═══ Given information
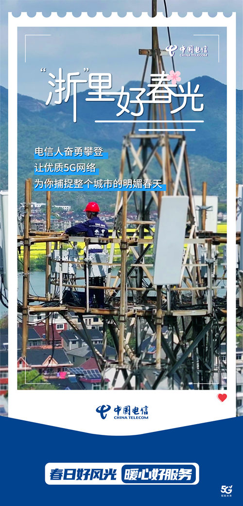 楊柳青青江水平,浙江春色滿城隅。在這春意盎然的時(shí)節(jié),中國(guó)電信浙江分公司深入鄉(xiāng)村,安裝和維護(hù)智能應(yīng)用,為廣大用戶“裝”點(diǎn)美好信息生活。愿我們的5G網(wǎng)絡(luò),如春風(fēng)拂面,讓您隨時(shí)分享生活的點(diǎn)滴,暢享春日好風(fēng)光。
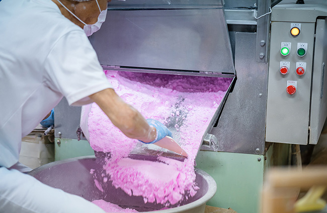 20年をともにした機械で形を整え、レインボーラムネの食感の決め手ともいえる乾燥工程を経て完成です。
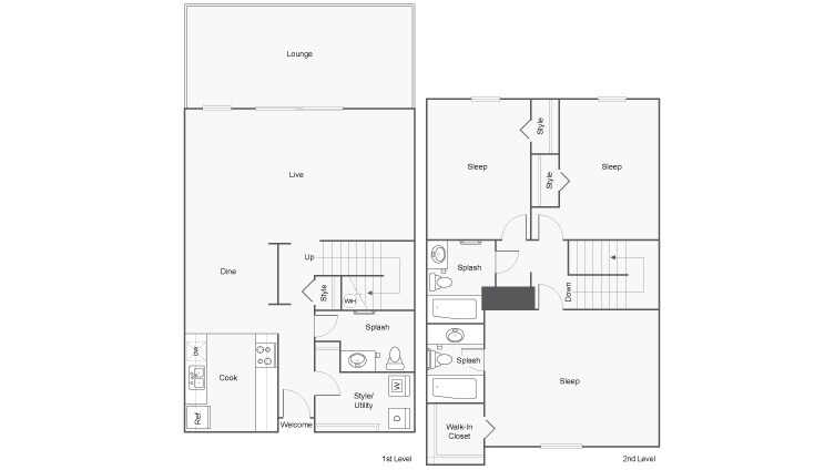 Modelo de apartamento: RhettLlame para Precios3 Dormitorios, 2.5 Baños, 1366 sq ftNo DisponibleRhett - Plano 1
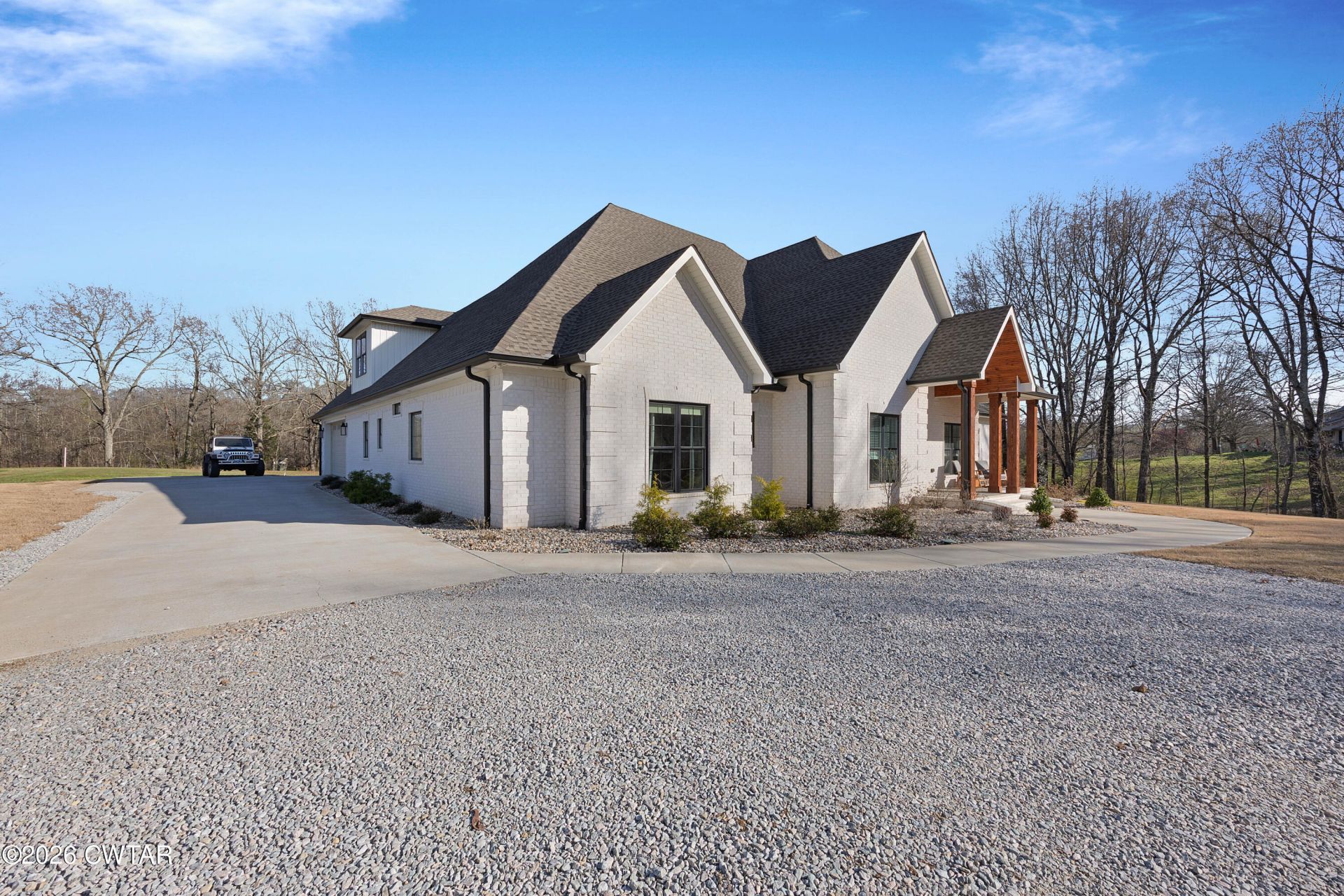 Custom-built brick home on 4.9 acres in the county (South Gibson School District) offering privacy, scenic views, and modern luxury. This 4 bedroom, 3.5 bath split floorplan home (plus additional half bath plumbed upstairs) with office is ideal for those seeking acreage, custom construction, oversized garage and high end finishes. Welcoming double iron front doors with keyless entry lead into a thoughtfully designed floor plan featuring hardwood and tile flooring, open concept living and abundant natural light. The dream kitchen includes a large island, quartz countertops, stainless steel KitchenAid appliances, gas range, pot filler, over sized pantry and custom cabinetry-perfect for entertaining. The spacious primary suite offers a private retreat with his and her walk-in closets, spa-like bath, marble walk-in shower, and direct access to a large laundry room with built in storage. Enjoy indoor-outdoor living with a covered back patio, outdoor fireplace, and expansive retreat space. Interior highlights include a stone fireplace with hearth, dedicated office, upstairs storage room/2nd office and walk in attic. Energy efficiency is a standout feature with spray foam insultation, helping reduce utility costs and improve year around comfort. Surrounded by mature trees, beautiful views, and serene setting, this property is perfect for buyers looking for luxury, land, privacy, and refined living.
══════
**Work required:**
Each line of the data above must be repeated exactly, images excluded.

**Result:**
 楊柳青青江水平,浙江春色滿城隅。在這春意盎然的時(shí)節(jié),中國(guó)電信浙江分公司深入鄉(xiāng)村,安裝和維護(hù)智能應(yīng)用,為廣大用戶“裝”點(diǎn)美好信息生活。愿我們的5G網(wǎng)絡(luò),如春風(fēng)拂面,讓您隨時(shí)分享生活的點(diǎn)滴,暢享春日好風(fēng)光。
 20年をともにした機械で形を整え、レインボーラムネの食感の決め手ともいえる乾燥工程を経て完成です。
 Modelo de apartamento: RhettLlame para Precios3 Dormitorios, 2.5 Baños, 1366 sq ftNo DisponibleRhett - Plano 1
 Custom-built brick home on 4.9 acres in the county (South Gibson School District) offering privacy, scenic views, and modern luxury. This 4 bedroom, 3.5 bath split floorplan home (plus additional half bath plumbed upstairs) with office is ideal for those seeking acreage, custom construction, oversized garage and high end finishes. Welcoming double iron front doors with keyless entry lead into a thoughtfully designed floor plan featuring hardwood and tile flooring, open concept living and abundant natural light. The dream kitchen includes a large island, quartz countertops, stainless steel KitchenAid appliances, gas range, pot filler, over sized pantry and custom cabinetry-perfect for entertaining. The spacious primary suite offers a private retreat with his and her walk-in closets, spa-like bath, marble walk-in shower, and direct access to a large laundry room with built in storage. Enjoy indoor-outdoor living with a covered back patio, outdoor fireplace, and expansive retreat space. Interior highlights include a stone fireplace with hearth, dedicated office, upstairs storage room/2nd office and walk in attic. Energy efficiency is a standout feature with spray foam insultation, helping reduce utility costs and improve year around comfort. Surrounded by mature trees, beautiful views, and serene setting, this property is perfect for buyers looking for luxury, land, privacy, and refined living.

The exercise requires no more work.